▶ **Task statement**
Output the whole listing below exactly, omitting the images.

▶ **Information supplied**

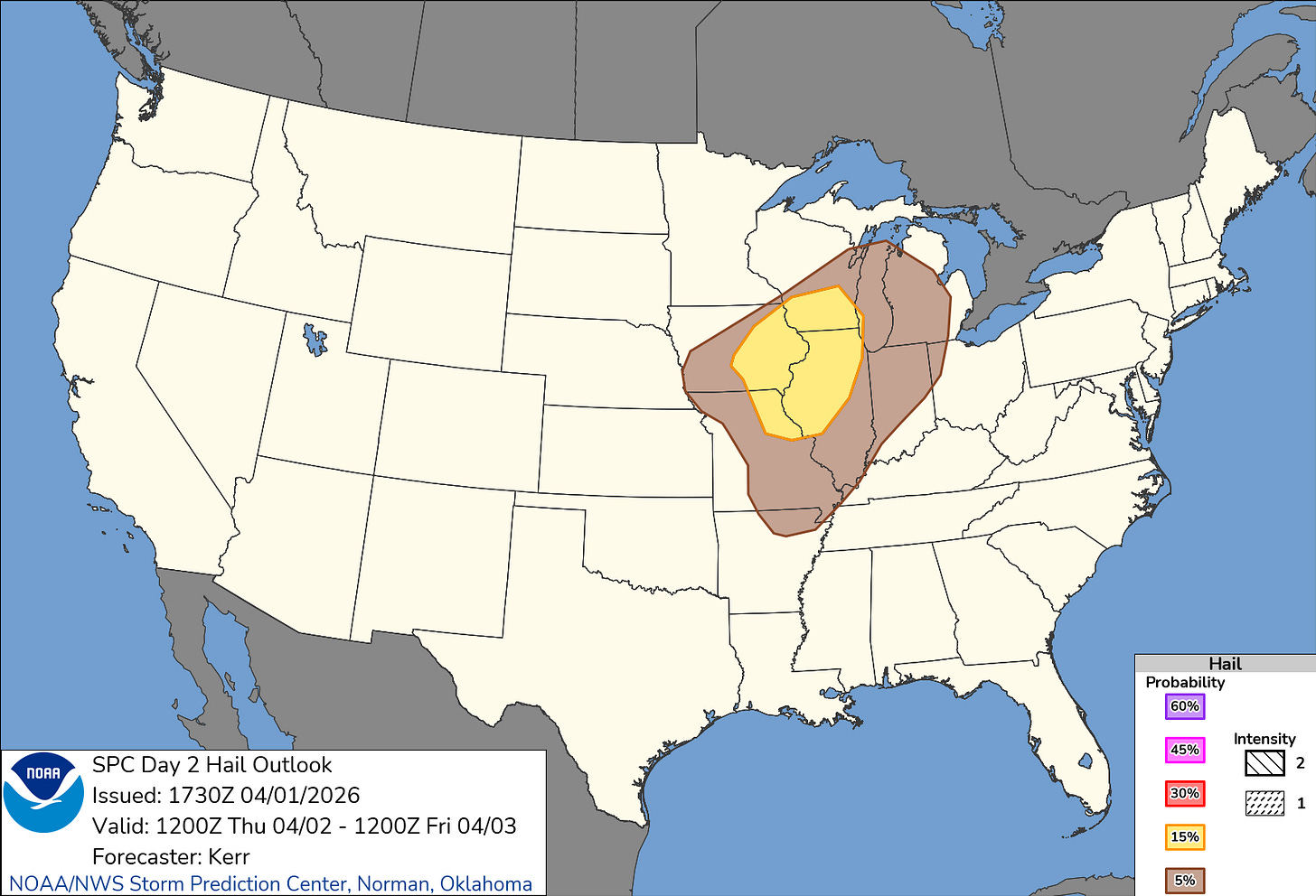 Finally, we have a 15% (not hatched) risk of hail, mainly under two inches in diameter, so not a huge concern. This will most likely be attached to any tornadoes that do spin up or in very isolated storm cells, and hail impacts won’t be widespread.
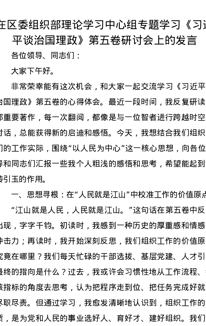 在区委组织部理论学习中心组专题学习《习近平谈治国理政》第五卷研讨会上的发言
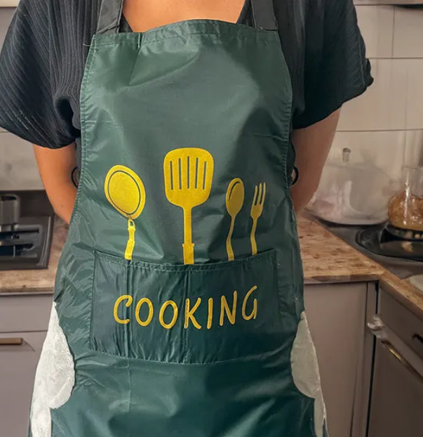 Whether you're whipping up a quick meal or hosting a grand feast, this Green Cooking Apron combines practicality with style to make your cooking experience effortless and mess-free.
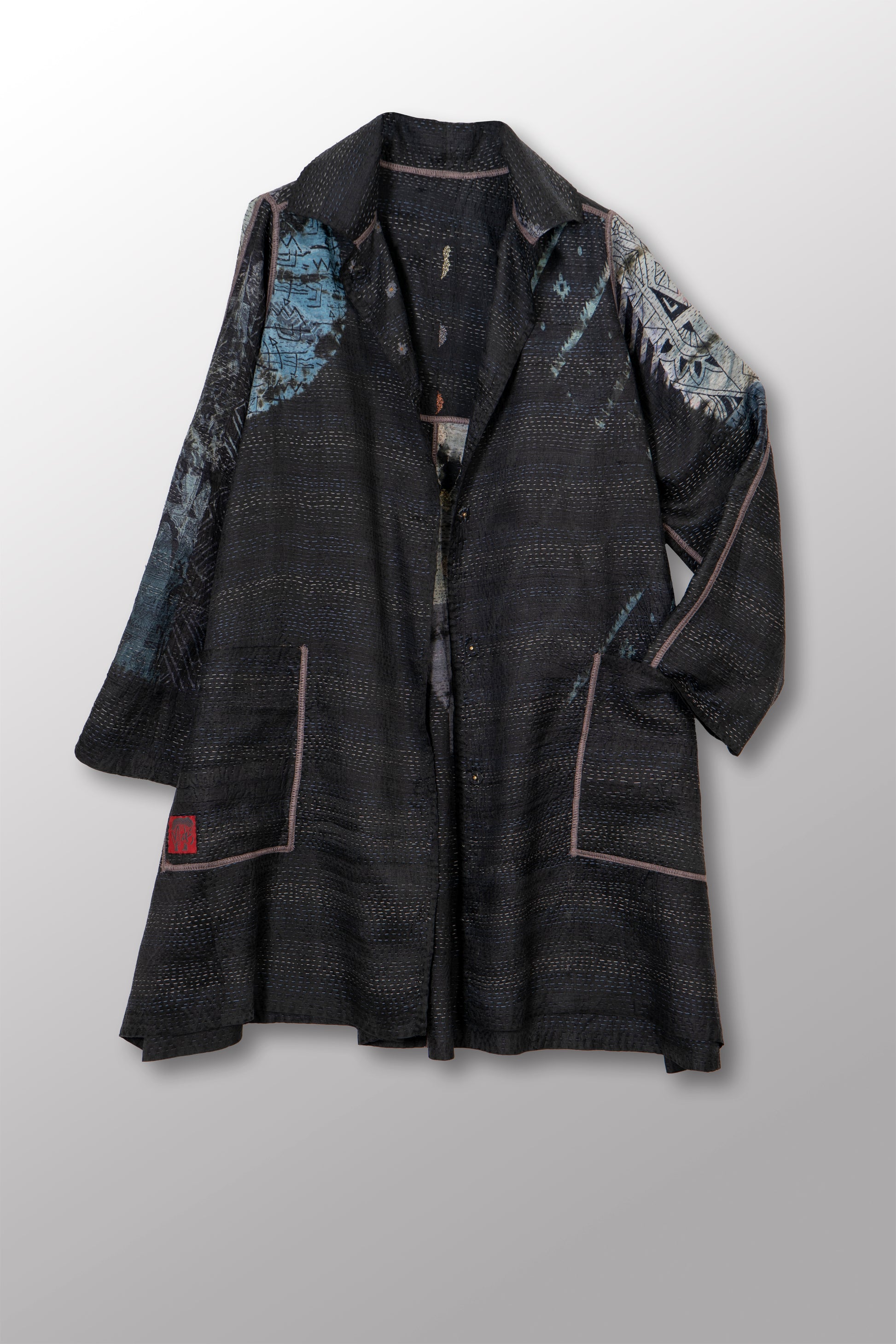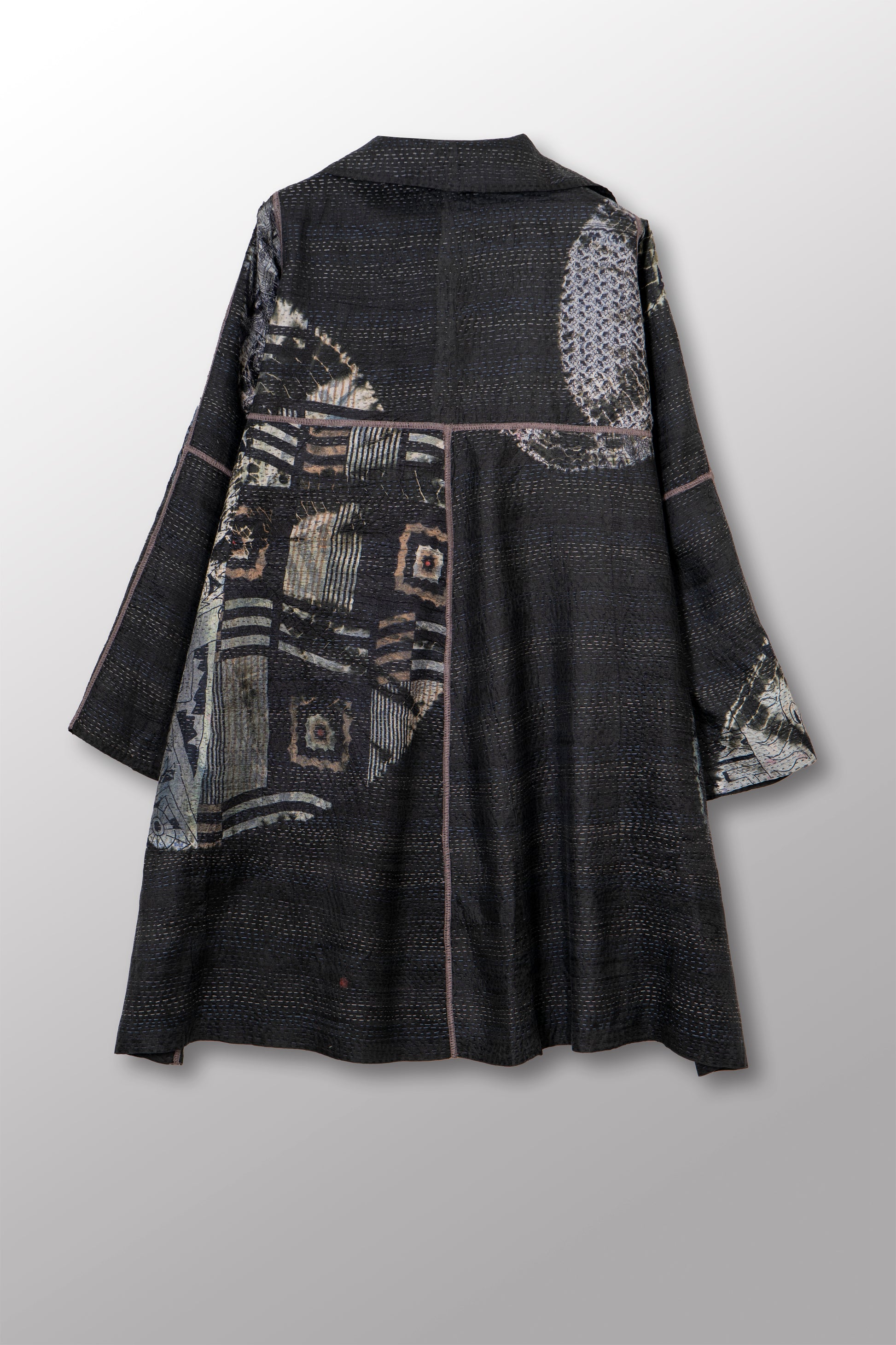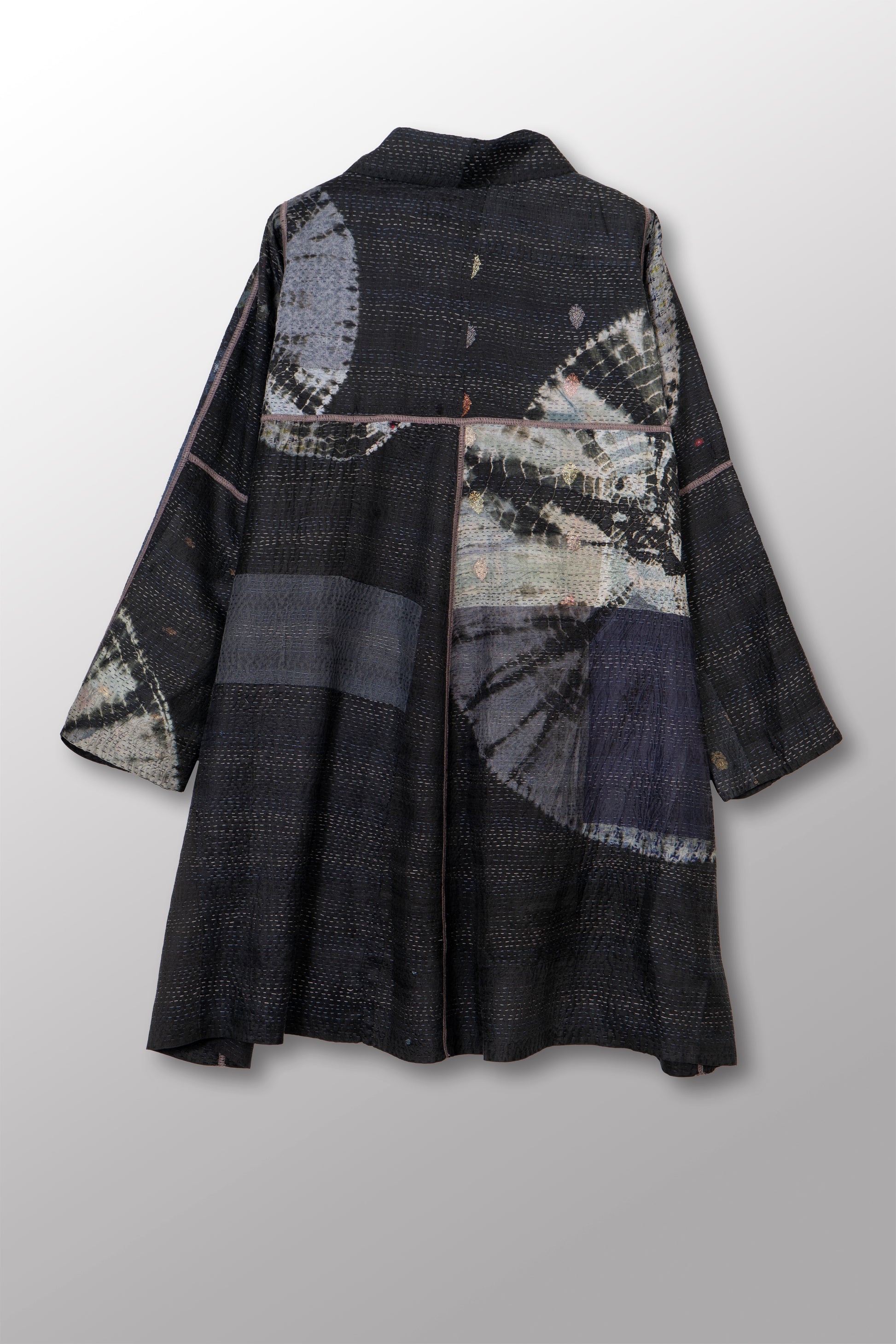 TIE DYE CIRCLE SHIBORI KANTHA A-LINE DUSTER - td2311-blk -

▶ **Expected answer**
 Finally, we have a 15% (not hatched) risk of hail, mainly under two inches in diameter, so not a huge concern. This will most likely be attached to any tornadoes that do spin up or in very isolated storm cells, and hail impacts won’t be widespread.
 在区委组织部理论学习中心组专题学习《习近平谈治国理政》第五卷研讨会上的发言
 Whether you're whipping up a quick meal or hosting a grand feast, this Green Cooking Apron combines practicality with style to make your cooking experience effortless and mess-free.
 TIE DYE CIRCLE SHIBORI KANTHA A-LINE DUSTER - td2311-blk -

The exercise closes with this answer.